1888: George Eastman patents his Kodak camera, which uses rolls of film to record images.
“What the photograph reproduces to infinity has occurred only once: the Photograph mechanically repeats what could never be repeated existentially.”
-Roland Barthes, Camera Lucida: Reflections of Photography
In other words, a moment frozen in time. “The past inside the present.”
“Hauntology describes the haunting of a historicised present by spectres that cannot be ‘ontologised’ away.”
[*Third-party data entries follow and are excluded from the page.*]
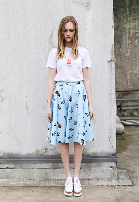 蓝色印花百褶裙+白T+白色松糕鞋
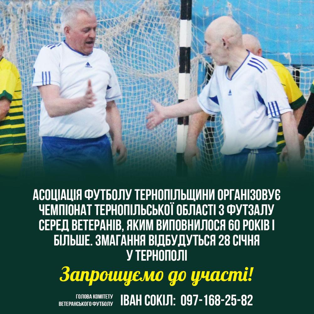 Водночас, Асоціація футболу Тернопільщини приймає заявки на участь у чемпіонаті Тернопільської області з футзалу серед ветеранів наступної вікового категорії, а саме, для ветеранів, яким виповнилося 60 років і більше. Змагання відбудуться у неділю, 28 січня.
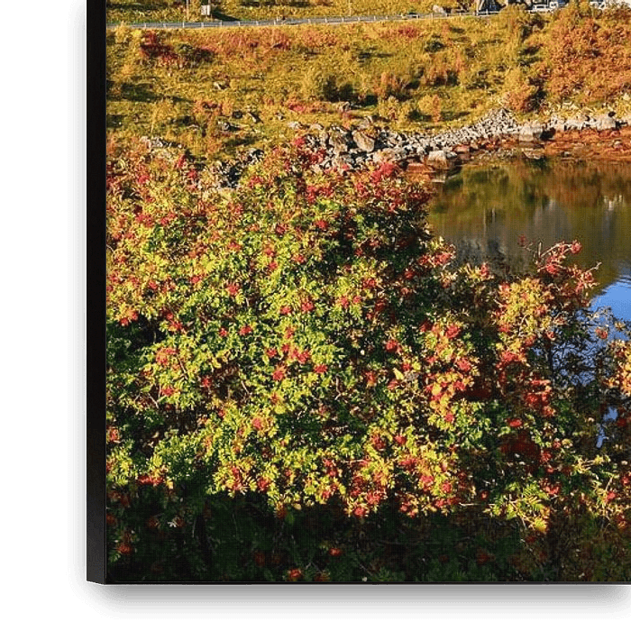 Bestelle dieses Landschafts-Wandbild Herbst in Reine auf den Lofoten - Norwegen von Achim Thomae Photography als Reproduktion auf Leinwand, Alu-Dibond, als Poster, Fototapete oder Acrylglasbild.
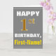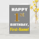 This simple birthday-themed greeting card design features a warm birthday wish like "HAPPY 1st BIRTHDAY, First-Name!" on the front, in bold text on a gray (grey) colored background. The birthday number has a faux/imitation gold-like coloring appearance. The name on the front can be customized. The inside features a birthday message that can be customized. A greeting card like this could be a fun way to deliver birthday wishes to somebody who is celebrating their first birthday. [~Z0000283]
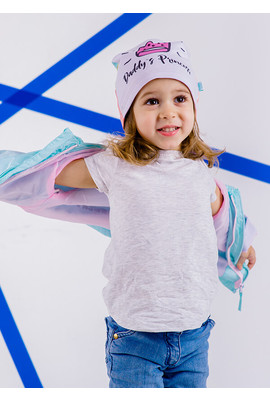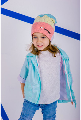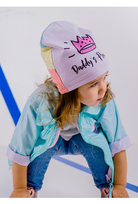 Нежная шапочка для девочки представлена в персиковом и сереневом цвете. Модель "Джозефа" примечательна тем, что ее можно носить и задом наперед. С одной стороны головной убор декорирован стильным накатом, который понравится всем папиным принцессам, с другой стороны - широкие полосы приятных пастельных тонов.
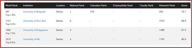Ранг листа универзитета у Србији (Извор)
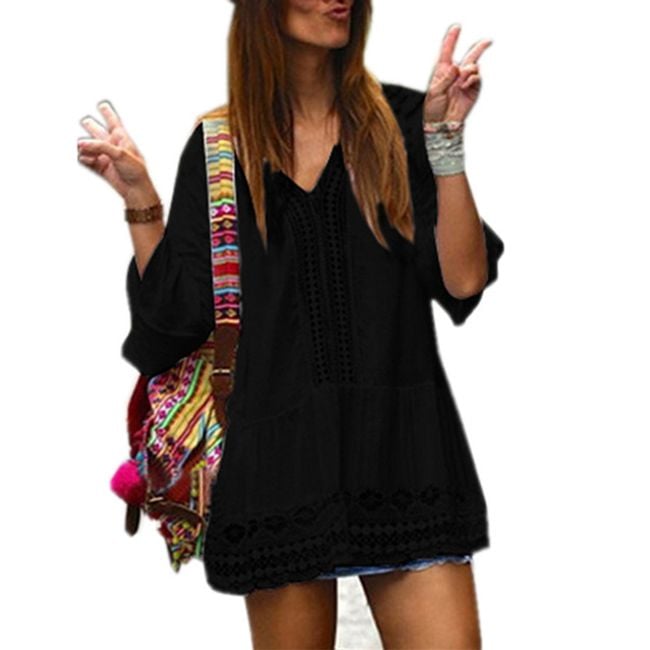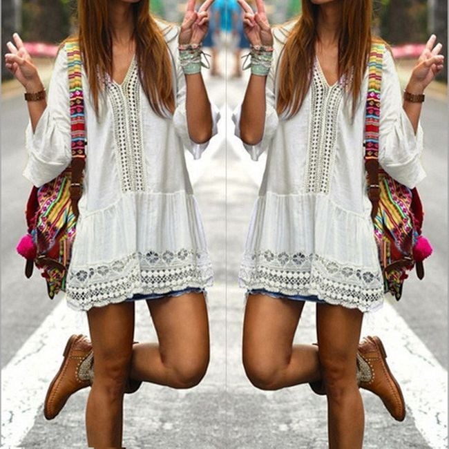 Abito mini libero con motivi in pizzo è perfetto per le donne che amano sentirsi indipendenti e libere. L'abito è principalmente molto arioso ed è una scelta ideale per la spiaggia o per un drink estivo con gli amici.
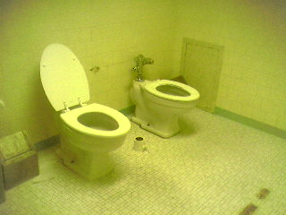 This is a photograph of the women's bathroom at the Monte Vista Hotel's before they put up shower curtains and new dividers. I met many girls while peeing there, and miss it as though it were family.
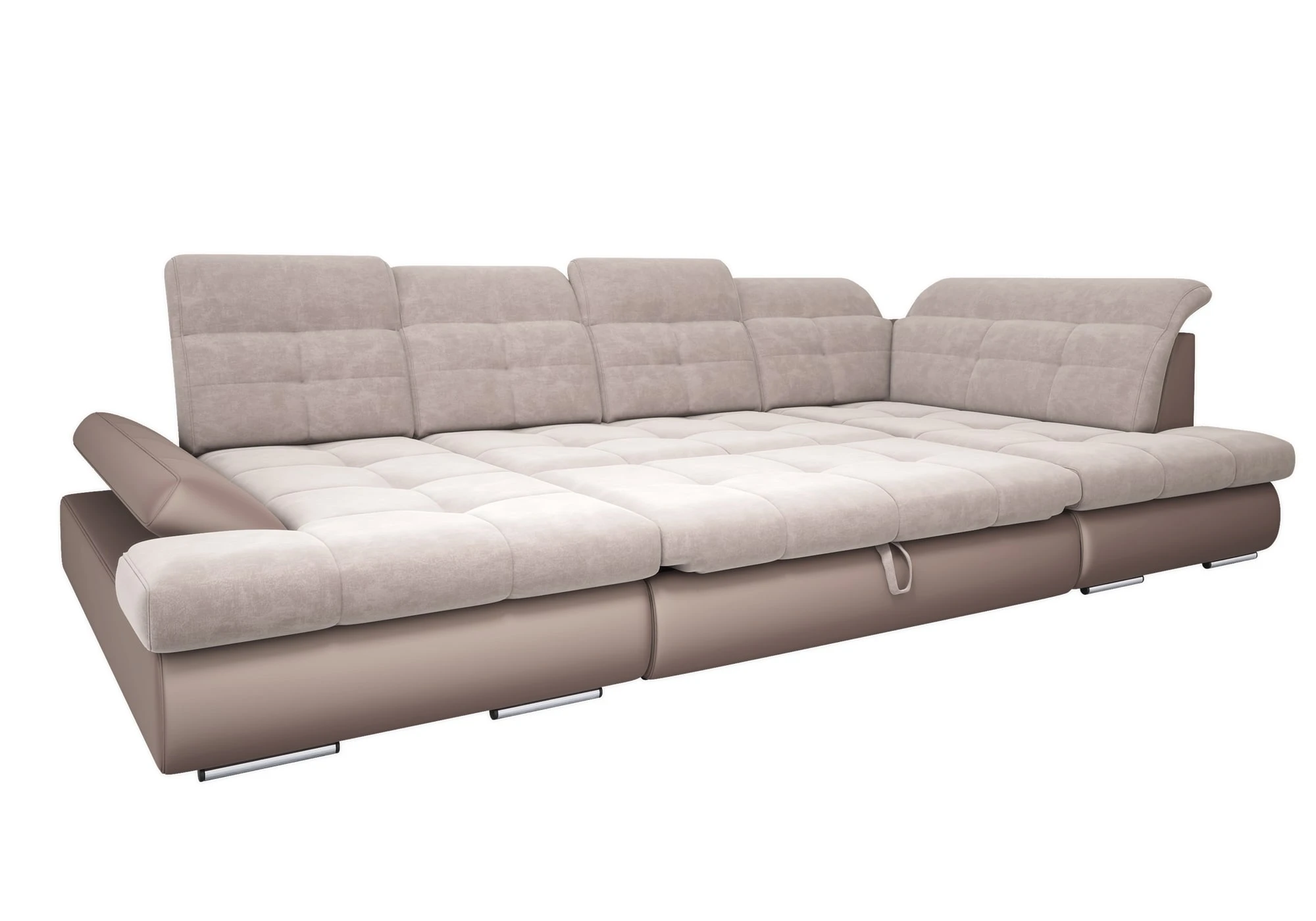 Colțarul extensibil Roxi 2 are un design modern și funcțional. Este ușor de transformat în pat, dispune de un spațiu de depozitare generos și tetiere reglabile pentru confort sporit.
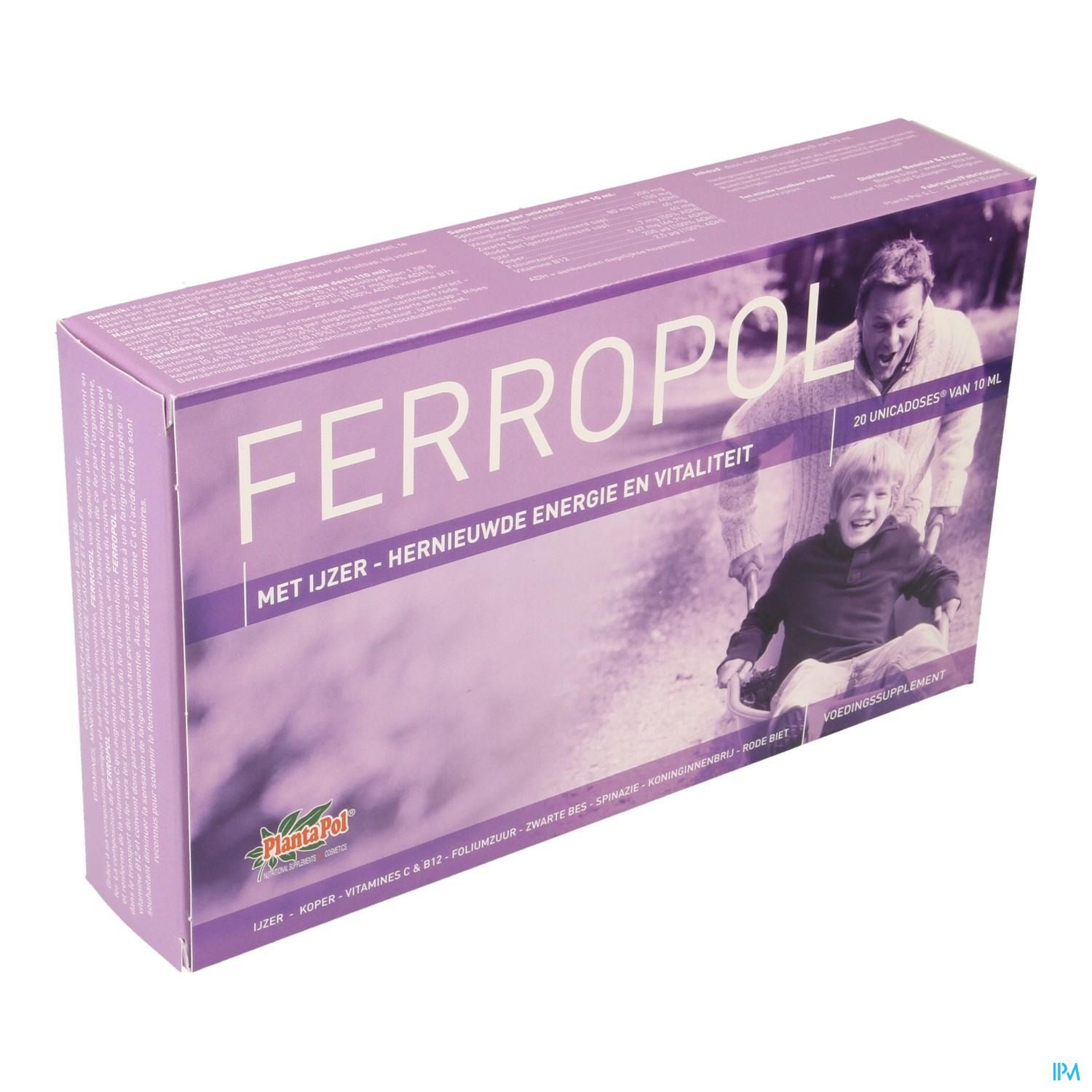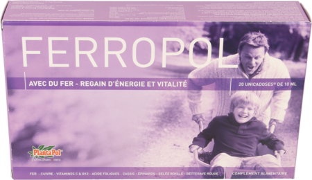 Ferropol a une composition unique et une formule concentrée qui fournit un ajout de fer. La composition de Ferropol a été étudiée pour optimiser l'absorption du fer par l'organisme. La formule est complétée par de la vitamine C (augmente l'absorption du fer) et du cuivre (transporte le fer vers les tissus).
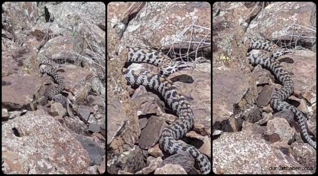 Doğa tutkunu İbrahim Altun ve arkadaşları, dağlık bölgede gezerken taşlar arasında bir yılan fark etti.
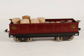 DescriptionGondola. Red and black with gold accents, eight wheels. Filled with wood and plastic barrels. Standard gauge. Plaque on side: "No 212".Object NameRolling stock
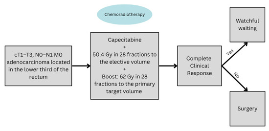 A Danish multicenter phase II trial was one of the most notable studies to report on radiation dose escalation as an organ preservation strategy [63]. It included patients with primary resectable T1–T3, N0–N1, M0 low rectal adenocarcinoma, where the N1 nodes had to be at the level of the tumor and included in the primary tumor volume. Radiotherapy was given concomitantly with capecitabine as IMRT and consisted of 50.4 Gy in 28 fractions to the elective volume, which included the mesorectal and presacral lymph nodes, along with the lateral pelvic lymph nodes, in addition to a concomitant boost of 62 Gy in 28 fractions to the primary target volume, which included the primary tumor and the rectal circumference at its level. Patients who achieved a cCR 6–12 weeks post-CRT were eligible for watchful waiting, while patients with an incomplete clinical response or regrowth were planned for surgery (Figure 3). The results were encouraging, with 86% of patients achieving a cCR after CRT alone, and 58.9% of the patients sustaining locoregional tumor control after 2-years of follow-up. The MFS and OS at 30 months were 85.4% and 94.8%, respectively, with patients reporting acceptable rates of side effects. The analysis of the treatment planning in this trial also showed that target coverage was reached in most plans with no substantial high-dose volumes reaching the organs at risk, most importantly the bladder and the intestines [64].
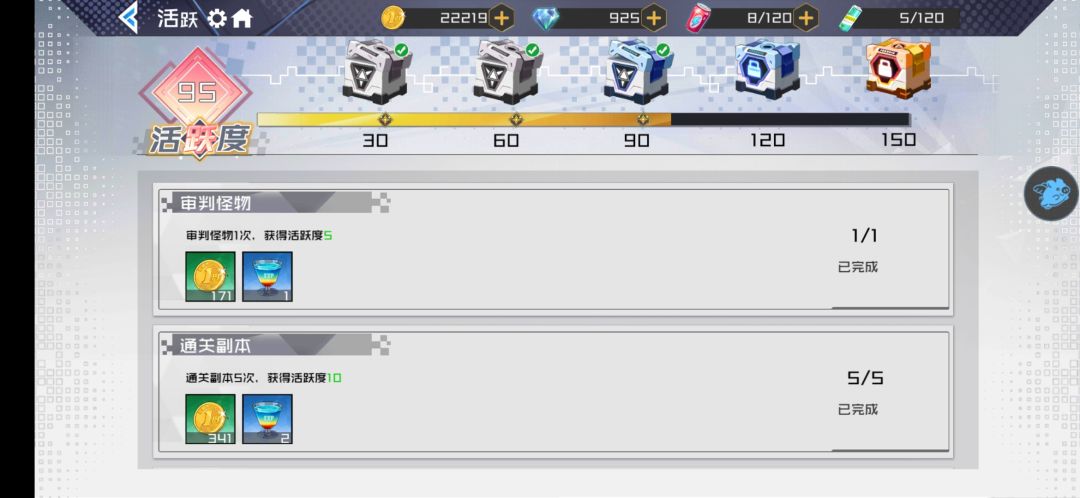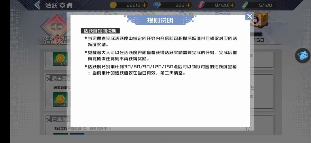 今日将所有任务做完,但活跃度却没有满150,第二天要清零,是我有什么遗漏之处吗
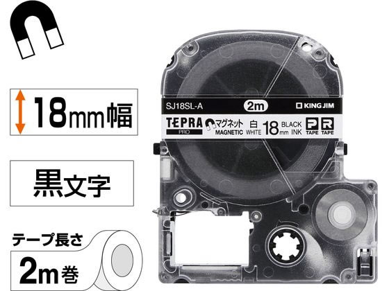 キングジム テプラPROテープ マグネットテープ 18mm 白/黒文字 1個(ご注文単位1個)【直送品】
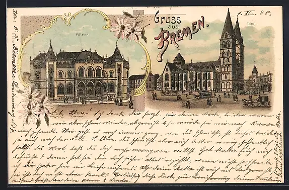 Lithographie Bremen, Dom, Börse im Passepartout
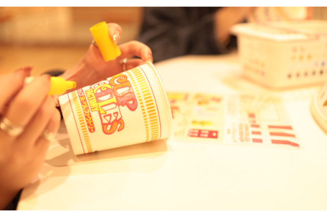 No museu você também pode criar o seu macarrão instantâneo! Você precisa adquirir o recipiente do cup noodles (400 ienes) e pode escolher o tipo de caldo e 4 ingredientes para colocar no seu macarrão personalizado. Além disso, no museu também estão disponíveis canetas coloridas para que possa decorar seu cup noodles.
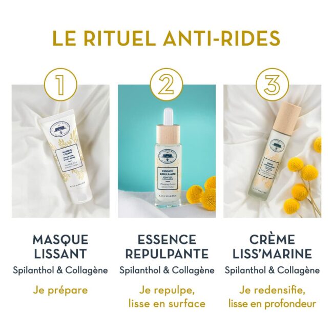 Son complexe Liss’Marine : une synergie experte de 4 actifs haute performance, issus des univers marin, végétal et biotechnologique :• Spilanthol
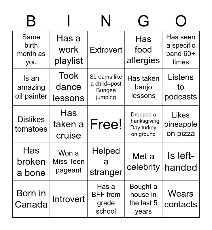 This bingo card has a free space and 39 words: Used to be ambidextrious, Loves karaoke, Climbed Mt. Hood, Took dance lessons, Born in Canada, Helped a stranger, Screams like a child--post Bungee jumping, Has a bucket list, Has seen a specific band 60+ times, Has broken a bone, Has taken a cruise, Has food allergies, Wears contacts, Likes pineapple on pizza, Dropped a Thanksgiving Day turkey on ground, Won a Miss Teen pageant, Can hula hoop, Same birth month as you, Has a nickname, Met a celebrity, Is an amazing oil painter, Has a BFF from grade school, Has taken banjo lessons, Listens to podcasts, Had a secret admirer or stalker, Speaks 2+ languages, Is a good cook, Can drive a stick shift, Watches documentaries, Has a work playlist, Has 0 unread emails, Played a prank on a coworker, Extrovert, Introvert, Bought a house in the last 5 years, Met partner through online dating, Is left-handed, Dislikes tomatoes and Does not have a tattoo.
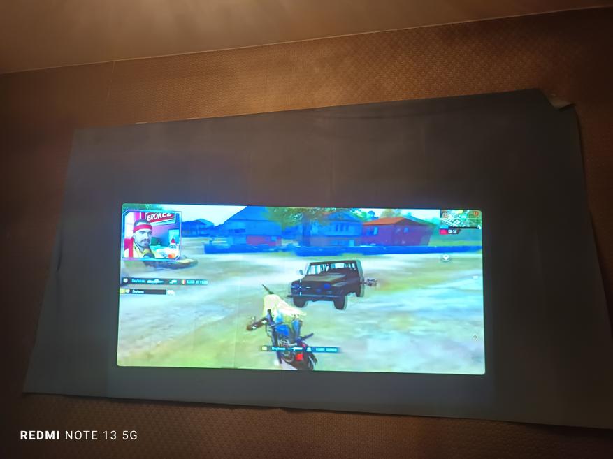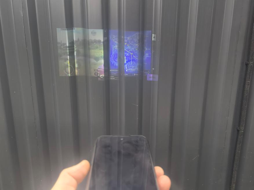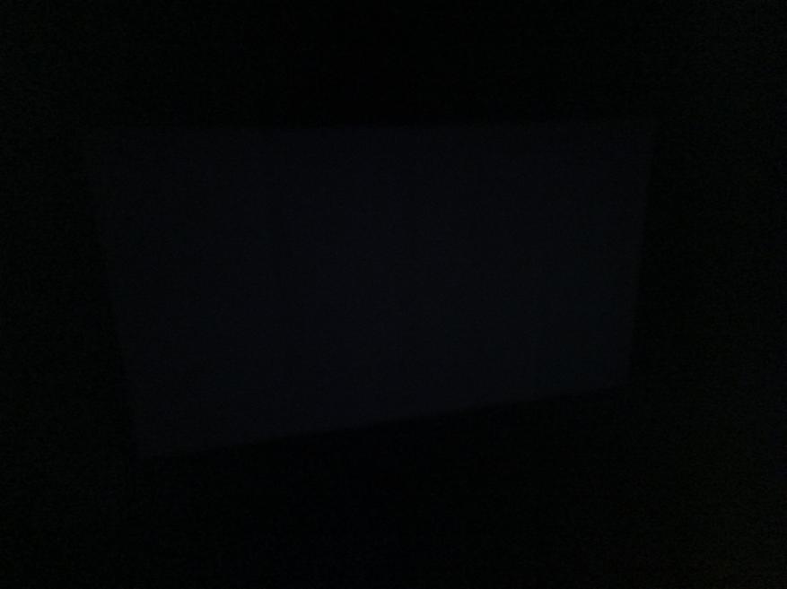 Мне было интересно ещё до проведения замеров увидеть, как будет выглядеть проекция днём. Проверял на разных поверхностях, но в городе найти их не так-то просто. Яркий свет будет «мешать» просмотру. На второй фотографии при включенном освещении в комнате видно неплохо. Без света — ещё лучше.

— Adam Harper, from his phenomenal essay on hauntology
1956: IBM debuts the RAMAC 305, the first computer with disk storage (or, a means of storing memories/information in a new and permanent fashion).
Harper again:
“I probably don’t need to emphasise the relationship between ghosts and aging technology, but it’s no surprise that since the late twentieth century, as DVD, digital radio, digital recording, digital cameras, digital television and mobile phones were coming onto the scene, noisy ghosts started coming out of videotapes (the Ring), analogue radio (Frequency), analogue noise on television and audio tape (White Noise and Fissures), cameras (Shutter), telephones (One Missed Call), television transmissions (Dead Waves) and even the internet (Pulse).”
2010: Bradford Cox performs as Atlas Sound at the Bumbershoot Music and Arts Festival.
Cox’s collaboration with noisy UK spooksters Broadcast was widely hailed (even in the pages of The Stranger) as exemplifying musical hauntology, though Cox has demonstrated hauntological concerns—or at least a preoccupation with ghosts and the afterlife—since the early days of his Atlas Sound project. His debut solo LP, Let The Blind Lead Those Who Can See But Cannot Feel, opens with “A Ghost Story,” a bleary instrumental prologue built around the sampled murmur of a young boy stumbling through a phantasmal, improvised narrative. His “River Card” is based on a Puerto Rican short story, and is sung, Sunset Boulevard-style, from the perspective of a youngster who’s drowned in a river’s deep, blue waters. Even casual fans of Cox’s “other band” Deerhunter should be able to suss out his primary lyrical hang-ups: death, decay, memory, and lost time. Additionally, Cox has released two free, marginally hauntological “digital seven inches” with festive Halloween-centric artwork and track names.